The Weekly Wrap: Is the Poilievre comeback real?

Commentary

Pierre Poilievre celebrates the win during the Battle River-Crowfoot byelection in Camrose, Alta., Aug. 18, 2025. Jason Franson/The Canadian Press.

In The Weekly Wrap, Sean Speer, our editor-at-large, analyses for Hub subscribers the big stories shaping politics, policy, and the economy in the week that was.

Perhaps the Conservative coalition is more durable than we thought 

As I recently wrote for The Hub, one of the big questions after the 2025 federal election was whether the Conservative Party’s showing represented a new baseline of support or a high-water mark.

Was it something to build on or merely an aberration shaped by extraordinary circumstances? I warned that, notwithstanding what Pierre Poilievre and the Conservatives have said since the election, the latter was a real possibility.

After all, the party’s support leading up to and during the election campaign seemed highly contingent. The political mood was still defined by the extraordinary pandemic experience and the reckless run-up of immigration that followed it. The Liberal government’s competence came under question on multiple files, and Justin Trudeau had become one of the least popular prime ministers in Canadian history. The conditions, in other words, seemed to favour the Conservatives almost by default.
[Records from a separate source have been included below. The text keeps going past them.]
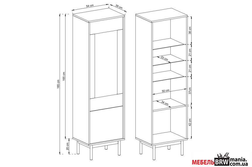Опис: Вітрина Asic 2D1W/54 2-дверна Джексон хікорі/графіт
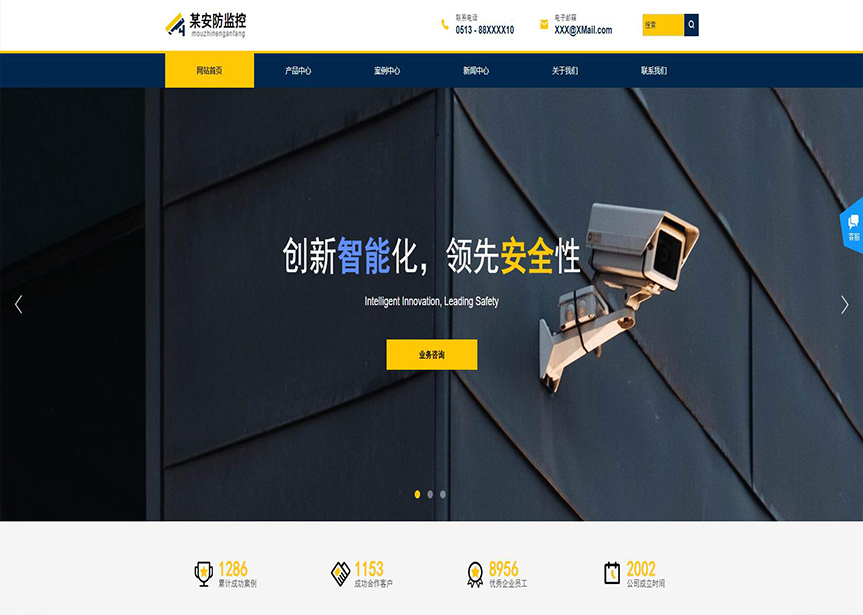 模板名稱:(帶手機版數(shù)據(jù)同步)自適應(yīng)安防監(jiān)控器材類黃色網(wǎng)站模板
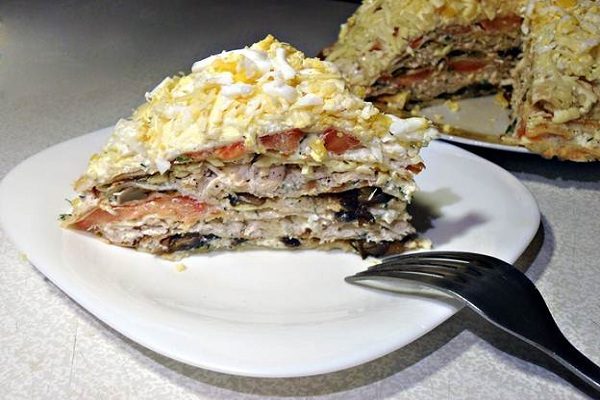 Приготовьте такой сытный и оригинальный тортик к приходу гостей или семейному ужину, и все наверняка останутся довольны.
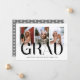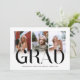 This modern design template features three graduate's photo on the front. You can add your name, school, graduation year or other details if you like. The back of the card is a matching light grey with hand drawn white stars, but you have an option to change it to better match your photo, just click on "Customize further".
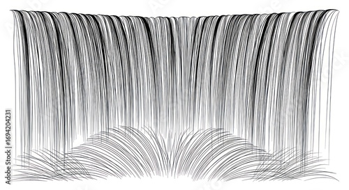 Monochrome cascade of flowing lines in a contemporary graphic style drawing illustration

Yet new polling from Abacus Data suggests that I may have been wrong. As Abacus’s vice-president for Data Insights, Eddie Shepherd, told me this week, their findings show 93 percent of 2025 Conservative voters say they would vote the same way today. That compares with just 86 percent of Liberal voters.

If these numbers persist, they could have significant implications, including for Poilievre’s own future as Conservative leader. Not only did he manage to push Conservative support to its highest level since Brian Mulroney’s majority in 1988, but so far at least, Abacus’s polling suggests that it’s mostly holding steady. Maybe, in other words, it is a new baseline for the Conservatives.

It would mean that the 2025 election was less a fluke of circumstances and more the start of a genuine realignment. The image of Poilievre as merely a “protest vote” leader would give way to the possibility that he’s built something larger and more sustainable.

That would be a powerful message for Poilievre to take into his leadership review in January. Especially if, by then, Liberal support among traditional NDP voters starts to falter. If the NDP begins to climb out of its political hole and return to something closer to its historic norm, the Liberals could find themselves squeezed in the middle. And a future Poilievre government may yet still be possible.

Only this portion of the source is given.